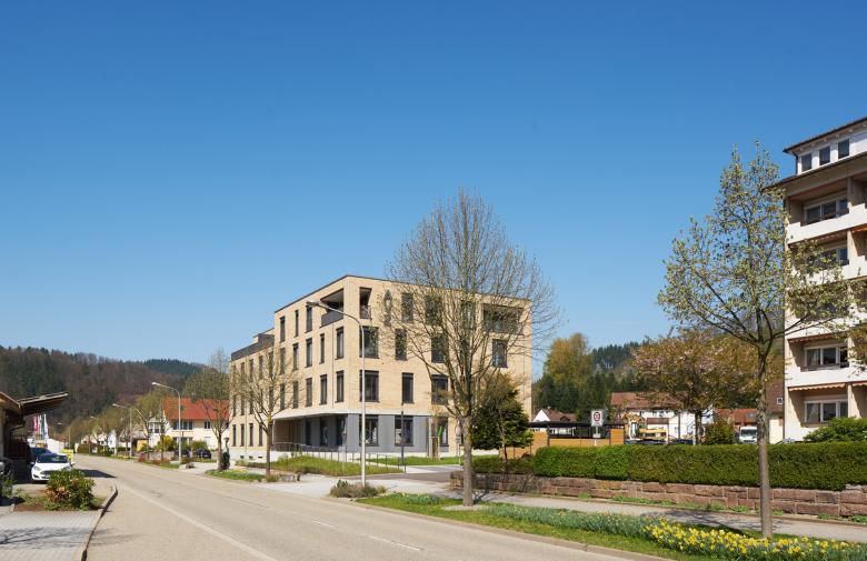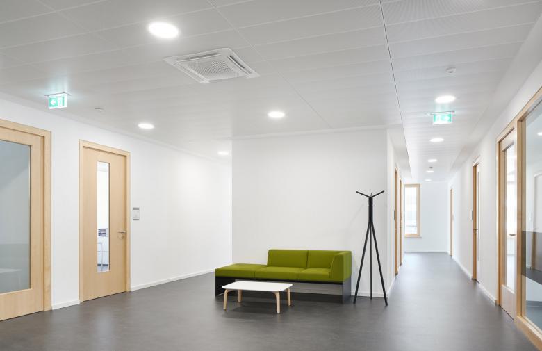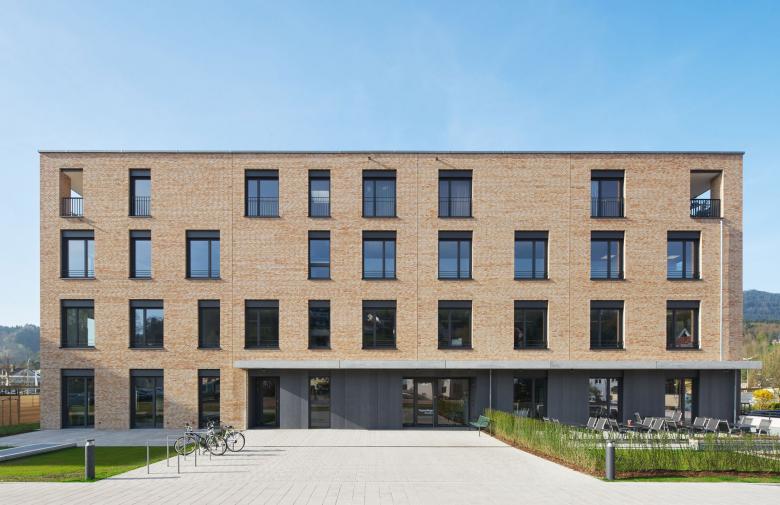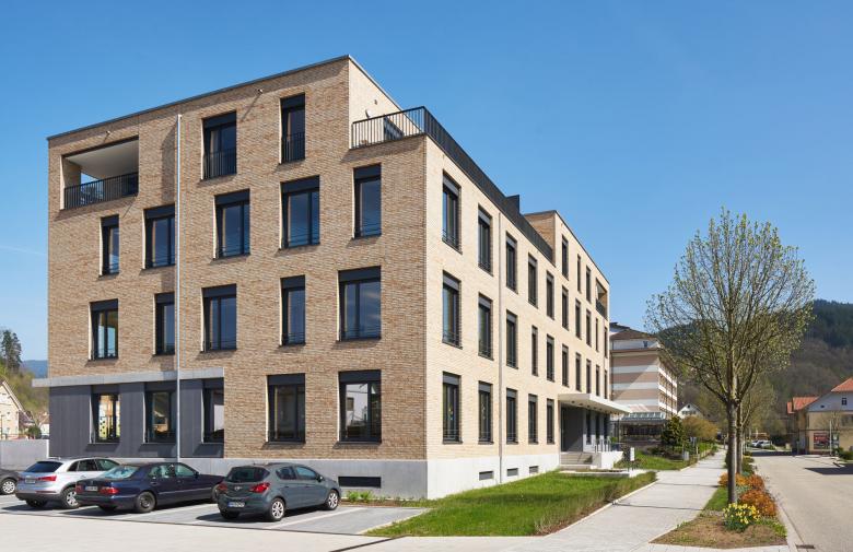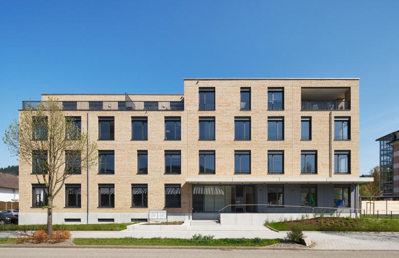 Das neue Mehrzweckgebäude ist eine Erweiterung des Vincentius Alten- und Pflegeheimes, in dem Räume für Tagespflege, Verwaltung, Arztpraxen und im Dachgeschoss barrierefreie Wohnungen Platz finden. In seinen Dimensionen vermittelt der viergeschossige Bau zwischen dem großen Vincentius-Haus und der sonst kleinteiligen Bebauung. Der grüne Vorbereich schafft einen Puffer zur Bahnhofstraße und nimmt die Flucht der angrenzenden Gebäude auf. Der rückwärtige Bereich lässt eine gute Anbindung zum Ortszentrum zu. Die Klinker-Fassade ist klar und zurückhaltend, versursacht wenig Folgekosten und schafft eine warme, freundliche Atmosphäre. Diese setzt sich im Innenbereich mit viel Weiß und hellem Holz fort. Große, weit herunterreichende Fenster ermöglichen den Ausblick für Menschen im Rollstuhl.
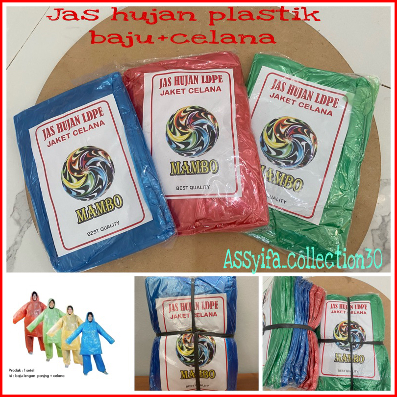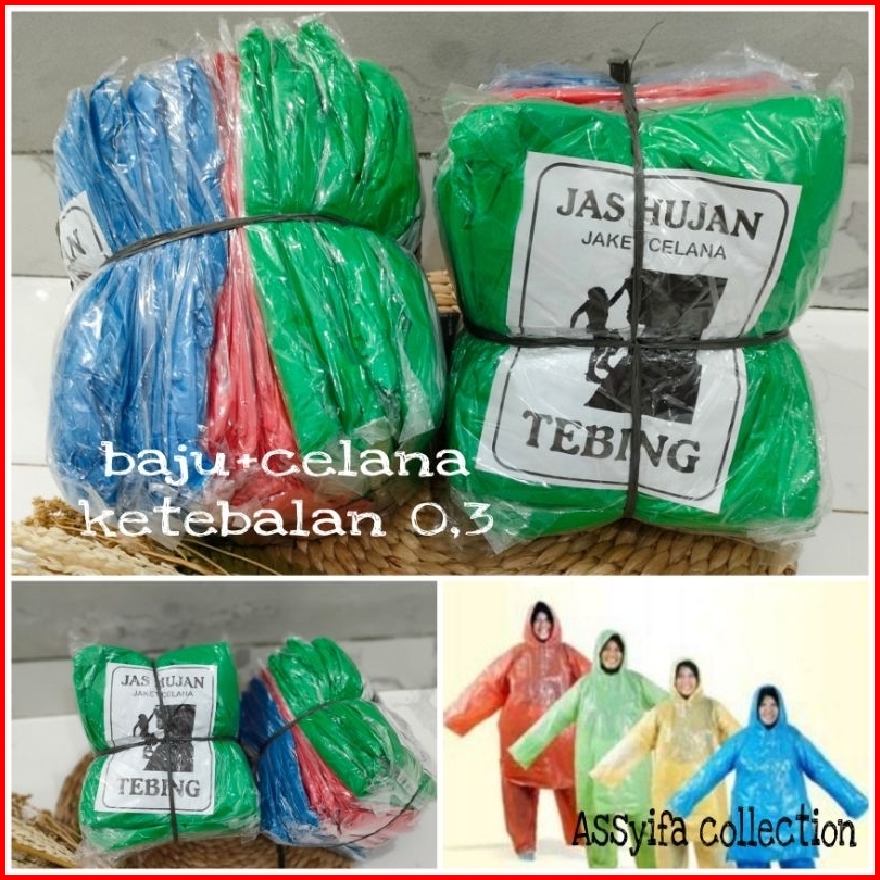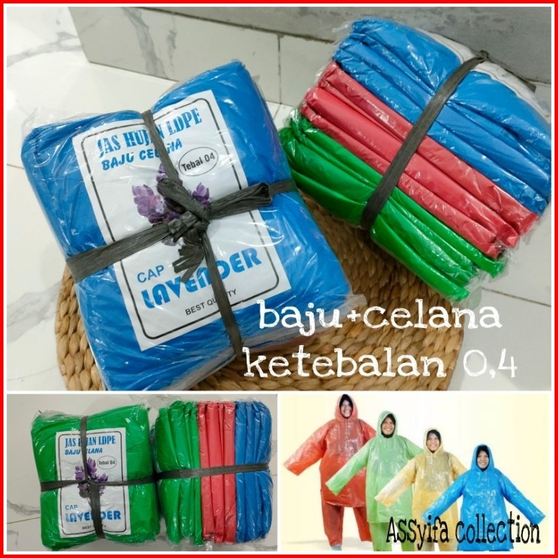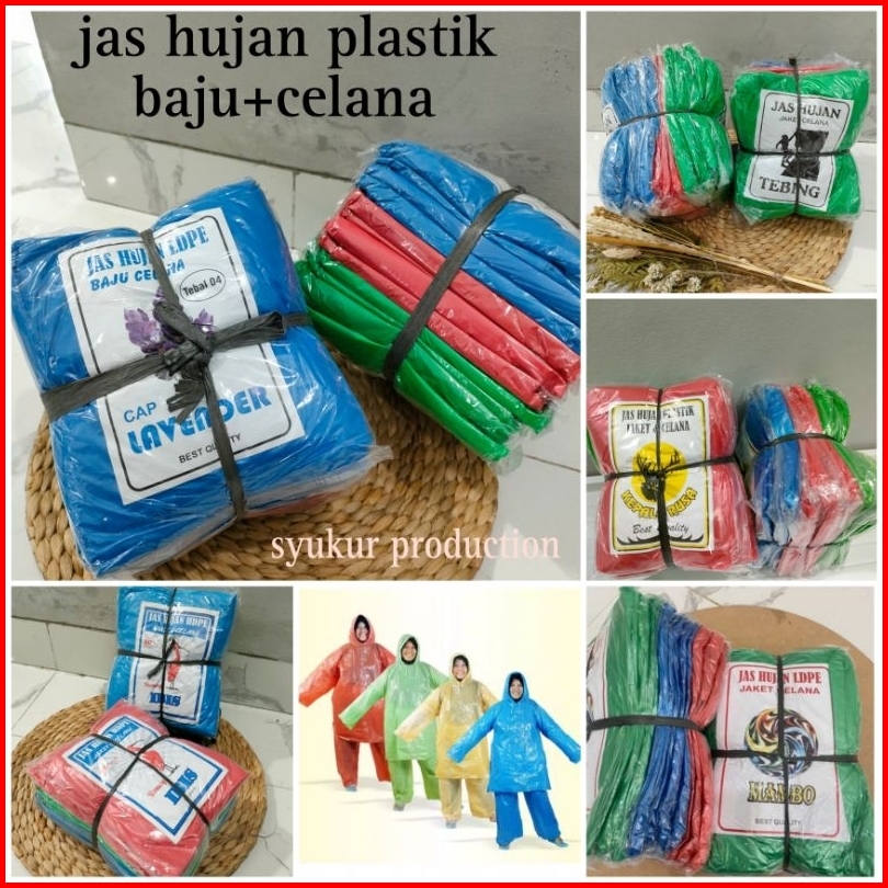 Jas Hujan Plastik Setelan Isi 12 Pcs Baju Celana
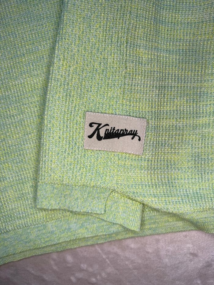 Vends ce débardeur (pull sans manches) en maille légère de la marque Zara. Idéal pour un look superposé ou porté seul à la mi-saison. Caractéristiques : Marque : Zara Taille : XL (EUR XL / USA XL / MEX 44) Couleur : Vert citron / pistache chiné Détails : * Col rond avec bord-côte Écusson "Knitapray" brodé sur le bas du vêtement Coupe légèrement asymétrique avec fentes latérales État : Très bon état général Dimensions (prises à plat) : Largeur (aisselle à aisselle) : environ 58-60 cm Longueur totale : environ 68-70 cm Envoi rapide et soigné ! ✨ #8

--------------------

__Try it__
Quote the material exactly. Pictures stay out.

__Output of the exercise__
 Das neue Mehrzweckgebäude ist eine Erweiterung des Vincentius Alten- und Pflegeheimes, in dem Räume für Tagespflege, Verwaltung, Arztpraxen und im Dachgeschoss barrierefreie Wohnungen Platz finden. In seinen Dimensionen vermittelt der viergeschossige Bau zwischen dem großen Vincentius-Haus und der sonst kleinteiligen Bebauung. Der grüne Vorbereich schafft einen Puffer zur Bahnhofstraße und nimmt die Flucht der angrenzenden Gebäude auf. Der rückwärtige Bereich lässt eine gute Anbindung zum Ortszentrum zu. Die Klinker-Fassade ist klar und zurückhaltend, versursacht wenig Folgekosten und schafft eine warme, freundliche Atmosphäre. Diese setzt sich im Innenbereich mit viel Weiß und hellem Holz fort. Große, weit herunterreichende Fenster ermöglichen den Ausblick für Menschen im Rollstuhl.
 Jas Hujan Plastik Setelan Isi 12 Pcs Baju Celana
 Vends ce débardeur (pull sans manches) en maille légère de la marque Zara. Idéal pour un look superposé ou porté seul à la mi-saison. Caractéristiques : Marque : Zara Taille : XL (EUR XL / USA XL / MEX 44) Couleur : Vert citron / pistache chiné Détails : * Col rond avec bord-côte Écusson "Knitapray" brodé sur le bas du vêtement Coupe légèrement asymétrique avec fentes latérales État : Très bon état général Dimensions (prises à plat) : Largeur (aisselle à aisselle) : environ 58-60 cm Longueur totale : environ 68-70 cm Envoi rapide et soigné ! ✨ #8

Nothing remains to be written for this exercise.